The Institute goes great lengths to provide scholarships to those in need, awarding partial financial assistance to up to 45% of its student population.[2] However, with tuition fees of almost US$ 12,000 per academic year[59] (among the highest in Latin America according to Forbes magazine)[60] most of its student community comes from upper and upper-middle class and the overall atmosphere is arguably politically and socially conservative. For example, there are no official LGBT student clubs or associations and some staff in the Mexico City Campus has publicly admonished students for questioning conservative politicians during school visits[61] (although no disciplinary action was ever taken).[62]

The number of international students vary notably among campuses. As of January 2008, some 1,100 foreign students from 56 countries were studying in the Monterrey Campus, half of them as regular students.[26]

Athletics

The Tech has a good record in college athletics, picking up over 18% of the medals at the 2007 national collegiate competition (Universiada)[63] and one of its campuses has won every single American Football Collegiate Championship in Mexico (ONEFA) since 1998.[58] Such accomplishments have been possible through the Institute's investments in sports facilities and personnel and a well-funded and comprehensive athletic scholarships program, which attracts a significant number of promising athletes but has prompted allegations of talent drain by some of its rivals.[64]

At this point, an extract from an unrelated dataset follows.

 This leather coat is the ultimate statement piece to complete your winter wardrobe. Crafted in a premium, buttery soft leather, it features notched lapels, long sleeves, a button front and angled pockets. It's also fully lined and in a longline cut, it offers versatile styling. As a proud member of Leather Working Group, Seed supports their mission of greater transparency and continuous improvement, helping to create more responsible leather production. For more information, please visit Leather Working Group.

Although there are local adaptations, since 1945 the system-wide sports mascot is the ram (borrego salvaje), traditionally embodied in a male bighorn sheep.

Residence halls

Some of the campuses offer residence halls inside or nearby the Institute. The halls are segregated by sex, forbid opposite-sex visits and require attendance to be taken daily at 10:00 p.m. in women's dormitories.[65]

Noted people

The Institute has graduated prominent and influential members in several areas, particularly among the Latin American business community. From December 2006 to January 2009 both the U.S. Secretary of Commerce and the Mexican Secretary of Economy (former Kelloggs' CEO Carlos Gutiérrez[66] and Gerardo Ruiz Mateos[67]) were Tech alumni. Other businesspeople include Cemex' CEO Lorenzo Zambrano,[68] FEMSA's CEO José Antonio Fernández Carbajal,[69] Grupo Salinas' CEO Ricardo Salinas Pliego[70] and Casa Cuervo's CEO Juan Beckman.[71]

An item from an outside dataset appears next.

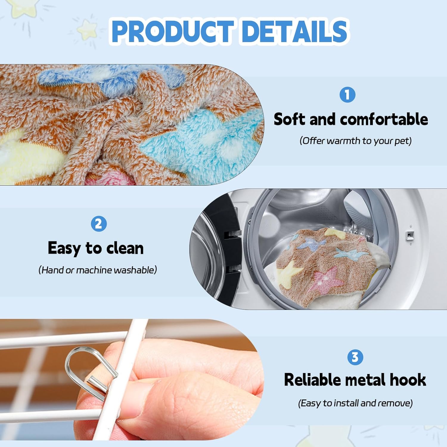 About this item SOFT & COZY: The material of the ferret hammock is made of coral velvet and arctic fleece, providing an comfortable spot for your small pets to rest and play, promoting a sense of security and relaxation EASY TO OPERATE:the 4 corners of the guinea pig hammock are equipped with metal hooks linked with straps,which is designed to attach to the small pet cage. The hammock can be washed by hand or machine, please remove the 4 m3etal hooks before washing HIGHLY PRACTICAL: The double hanging hammock design can make full use of the large space of the cage. It can not only be used as a bed for small animal to rest, but also simulate the wild life environment for climbing in and out of the hammock, adding fun. This is a practical pet hammock DURABLE METAL HOOK- Equipped with high-quality hooks, rust-resistant, wear-resistant and firm. Hooks easily attach the chinchilla hammock to any cage with bars or grills, ensuring a safe and secure pet hammock PRODUCT INCLUDES : The package contains 3 pcs of small animal hammocks in different patterns, yellow carrot,caramel starfish,grey bear. The rat hammock for cage measures 11×11 inches and is suitable for hamsters, ferrets, gliders, guinea pigs, squirrels, chinchillas, guinea pigs, etc., it is a good choice for picking up a gift for your beloved pets › See more product details

In science and technology, Alexander Balankin, former lecturer at the Mexico City Campus,[72] has received the 2005 UNESCO Science Prize for his works on Fractal Mechanics; Ernesto Enkerlin received UNESCO's 2005 Sultan Qaboos Prize for Environmental Preservation for his involvement in sustainability[73] and two alumni have been members of the United States President's Information Technology Advisory Committee: Pedro Celis (Distinguished Engineer at Microsoft) and Héctor García Molina, former Director of Stanford University's Computer Science Department, 1999 ACM SIGMOD Innovations Award[74] and highest h-index in Computer Science.[75]

In politics, at least two late presidential candidates and democracy activists, Luis Donaldo Colosio and Manuel Clouthier, were former graduates and over a dozen Mexican governors and cabinet members have attended classes at the Tech, including former Secretary of Commerce and North American Free Trade Agreement (NAFTA) negotiator Herminio Blanco. In cultural affairs, Gabriel Zaid has distinguished himself as one of the leading Mexican intellectuals of the 20th Century and in sports Fernando Platas and Victor Estrada have both won Olympics medals, while former coach of Mexico's national football team, Miguel Mejía Barón, is in charge of the Football Department at Puebla.[76]

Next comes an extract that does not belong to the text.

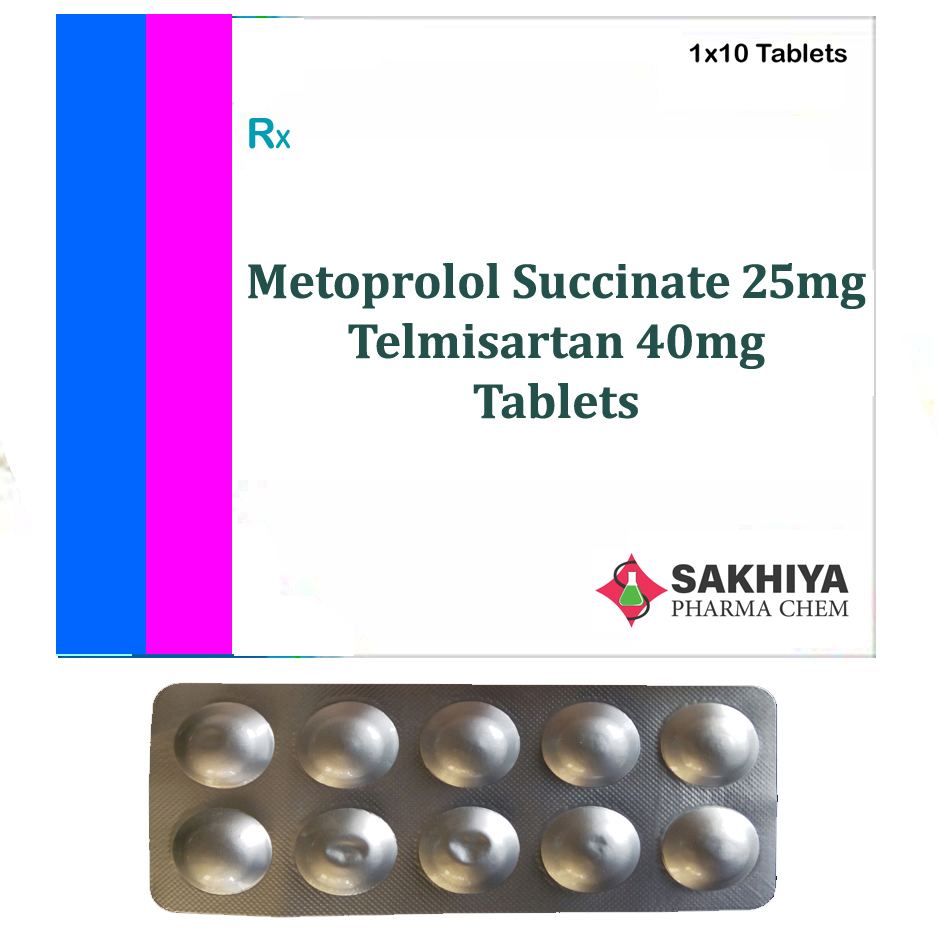 | सामग्रियां | Metoprolol Succinate 25mg + Telmisartan 40mg Tablets |

As for staff and faculty, at least three rectors or directors of different universities have been lecturers or members of the staff at the Tech: Victor Bravo Ahuja, former Director-General of the National Polytechnic Institute (IPN); former Secretary of Economy and Foreign Relations, Luis Ernesto Derbez at the University of the Americas, Puebla and Enrique Cabrero Mendoza at CIDE. In addition, current rector Rafael Rangel Sostmann is member of the External Advisory Council of the World Bank Institute.